(Dataset extract):
****

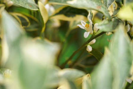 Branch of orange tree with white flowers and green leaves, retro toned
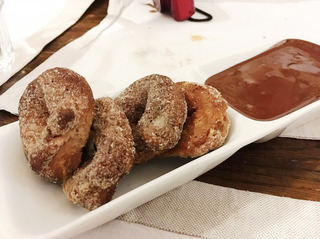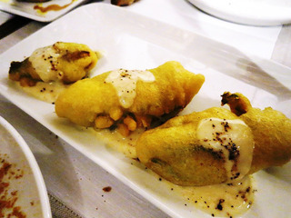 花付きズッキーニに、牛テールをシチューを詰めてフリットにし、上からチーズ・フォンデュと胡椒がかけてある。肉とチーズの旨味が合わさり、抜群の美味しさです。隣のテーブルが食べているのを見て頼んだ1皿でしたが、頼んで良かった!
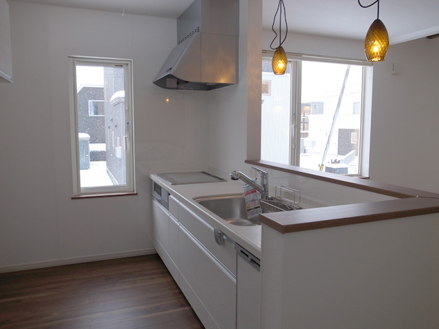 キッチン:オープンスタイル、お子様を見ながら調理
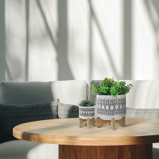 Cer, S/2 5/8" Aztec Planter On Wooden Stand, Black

****

(Task description): Starting from the line that has "キッチン:オープンスタイル、お子様を見ながら調理" and ending at the last line of the material above, every line should be output exactly; pictures are dropped and nothing else appears.

(Output for this task):
 キッチン:オープンスタイル、お子様を見ながら調理
 Cer, S/2 5/8" Aztec Planter On Wooden Stand, Black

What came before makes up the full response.